Volta Regional Minister, Nii Laryea Afote Agbo, has admitted that the recurring unrest between the Alavanyo and Nkonya communities goes beyond a land dispute.
The minister said he will soon act on the information by the Nkonya Chief that the conflict in the area is caused by illegal lumbering activities in the Nkonya community.
Chief of Nkonya, Nana Ampem Darkoh III, on Thursday appealed to government to investigate and bring to book individuals who are responsible for illegal felling of trees and destruction of resources in their forest reserve, since that was the cause of the conflicts.

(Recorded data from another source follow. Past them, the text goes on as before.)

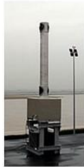
Magna BSP's "owl".

The blast at Fukushima #3, which Israeli firm Magna BSP "secured" with one of their cameras, bears a striking similarity to a nuclear weapon test.
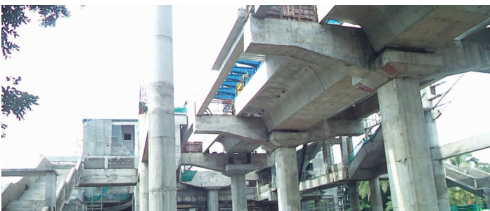
Work in progress at Meenambakkam towards Airport Viaduct
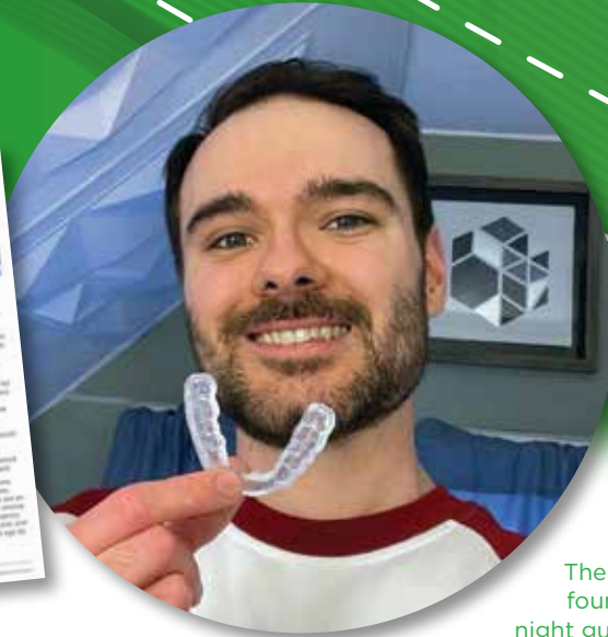
The recent JADA study found that use of adult night guards has increased.

Delta Dental Institute’s research article, “Oral health care use among an insured population after COVID-19,” appeared in the September 2025 Journal of American Dental Association (JADA) . The study found that preventive and diagnostic care rates have rebounded to near pre-pandemic levels. This is an encouraging success, as dental care usage had dropped significantly in 2020 and 2021, according to the original 2023 JADA article.
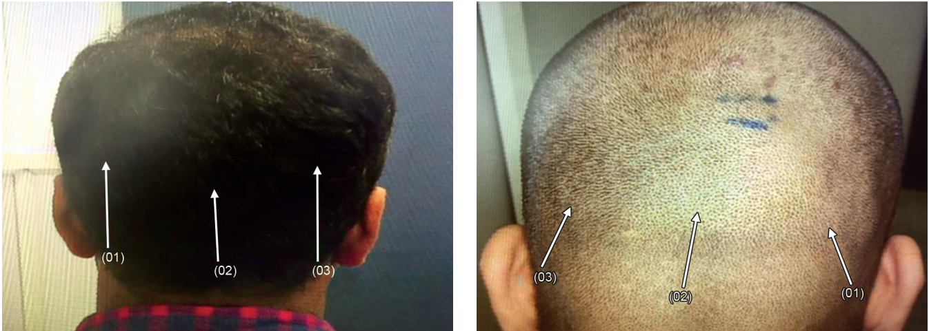
Fig. 1: Prominent markings on the safe donor region, for digital image analysis
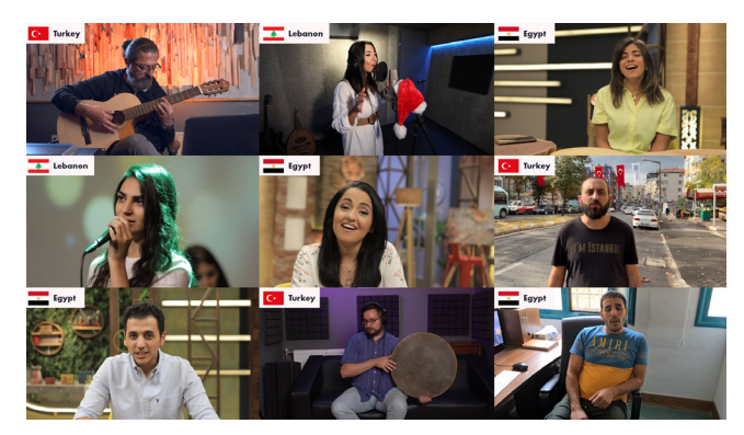
SAT-7's international recording of Silent Night - available on the Advent resources page

Find free family, group and church resources for Advent at sat7uk.org/advent-resources
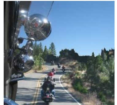
SEP: E Clampus Vitus Poker Run

Rusl continues contributing articles, photos and selling advertising for Thunder Roads Magazine NorCal and is webmaster for not-for-profit organizations and several small businesses.
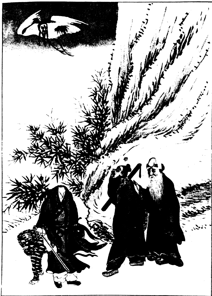
CHIANG TZU-YA AT K'UN-LUN
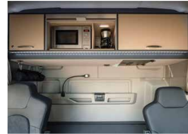
Perfect for the self-sufficient: an on-board kitchen

He said tagging the cause of the recurrent conflict between his people and the Alavanyo community merely as a 'land dispute' is erroneous.
According to him, it is when the Nkonya people meet the Alavanyo people who are illegally lumbering timber and other resources from the Nkonya forest reserve that the conflict ensued.

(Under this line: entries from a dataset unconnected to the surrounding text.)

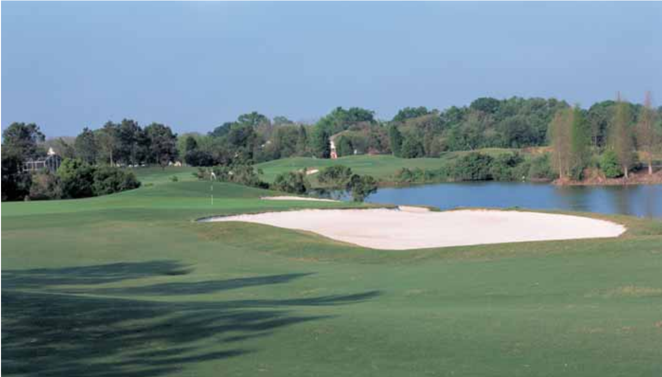
A scenic view from the 15th green with No. 12 in the background.
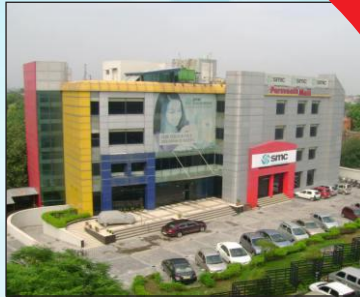
Parsvnath Mall, Pratap Nagar
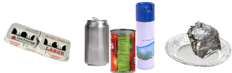
Cardboard Egg Cartons All Metal Beverage & Food Cans, Empty Aerosol Cans, Clean Aluminum Pans & Foil
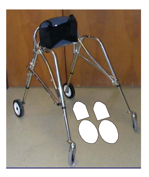
Figure 18.6: Weight-Assist Walker
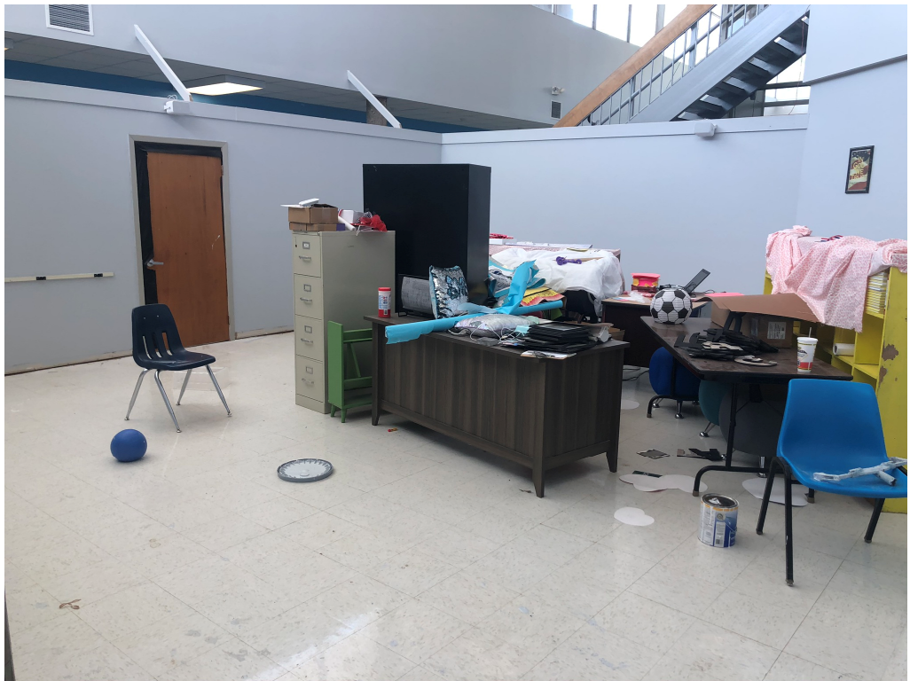
Figure 4 – Painting in the 300 Wing is Ongoing

"No land problem is happening. They [Alavanyo people] have been stealing timber there [Nkonya] and when the two groups go and meet there and they fight, then it...involves all of us", he said.
The regional minister said government will soon arrest people who illegally fell trees in the Alavanyo and Nkonya communities for peace to prevail there.
He said: "it will be difficult for officials for the Assembly to be detailed to the forest to look for people who are felling trees illegally because this is an area where everybody knows how to shoot."
He adds that the best way to arrest illegal lumberers is to identify their exit points from the forest so that they can be picked up while coming out.